Trying to hide an ownership change is a losing strategy. People feel deceived when they find out, and they always find out.
How do I handle bad reviews from before I owned the business?
You own them now. That’s the deal. You bought the business, and the reviews — good and bad — came with it.
For bad reviews posted before your ownership:
- Respond publicly with a brief, professional note acknowledging the issue and stating that you’re the new owner committed to doing better
- Do NOT argue with the reviewer or make excuses about the previous ownership
- Do NOT try to get old reviews removed by flagging them as irrelevant — Google almost never removes legitimate reviews, and attempting to manipulate reviews can get your profile penalized
- Bury them with volume — the fastest way to push old bad reviews down is to generate a steady flow of new good ones
If the business has a genuinely terrible review history (below 3.5 stars), this factors into your rebrand decision. Sometimes a fresh Google profile is worth the tradeoff, but only in extreme cases.
When should I start advertising?
Not until you’ve completed the “Secure” phase (Days 1–30). Running ads to a business with incorrect phone numbers, broken websites, or unclaimed Google profiles is burning money.

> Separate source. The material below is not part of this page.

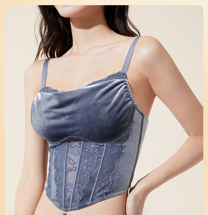 【会员积分兑换】奶糖派大胸抹胸幽梦轻奢丝绒复古三角杯胸衣胸型圆润大码显瘦内衣

The first paid advertising most new HVAC owners should invest in is Google Local Services Ads (LSAs). They’re pay-per-lead (not pay-per-click), they show at the very top of Google search results, and they include a “Google Guaranteed” badge that builds instant trust.
Start LSAs in Month 2 at a modest budget. Scale up in Month 3 and beyond as you prove you can handle the call volume and convert leads into booked jobs.
Google Ads (the regular pay-per-click kind) are a solid second channel, but they’re more complex to manage and easier to waste money on. If you’re going to run Google Ads, hire someone who specializes in home services PPC. General digital marketing agencies often lack the HVAC-specific knowledge to run efficient campaigns.
Do I need a marketing agency?
Not in the first 90 days. Maybe not in the first year.
Here’s the honest truth: most HVAC marketing agencies are set up to serve businesses that are already stable and growing. They want to run your Google Ads, manage your social media, and send your email campaigns. That’s fine — when you’re ready for it.
In the first 90 days, you need to:
- Secure your online profiles (you can do this yourself)
- Send an ownership announcement (you can do this yourself)
- Respond to reviews (you should do this yourself)
- Update your website (hire a freelancer for $500–$2,000)
- Launch LSAs (Google makes this fairly simple)
When you’re ready for an agency — typically 6–12 months in — look for one that specializes in home services or HVAC specifically. Ask for references from other HVAC business owners. Ask to see real performance data, not just pretty case studies.
A good HVAC marketing agency will pay for itself 3–5x over. A bad one will cost you $3,000–$5,000/month and generate reports that look impressive but don’t move the phone.
The Bottom Line
Marketing an acquired HVAC business is not the same as marketing a startup. You’re not building from zero. You’re protecting what exists and then strategically growing it.
Keep the name unless you have a concrete reason not to. Announce the transition honestly and early. Protect your Google Business Profile like it’s your most valuable asset — because for marketing purposes, it is. Follow the 90-day calendar. And resist the urge to spend money on marketing until you’ve secured the foundation.
The best marketing for a newly acquired HVAC business isn’t clever. It’s consistent, it’s local, and it starts with not breaking what you bought.
You’ll have plenty of time to make it yours. Earn that right first.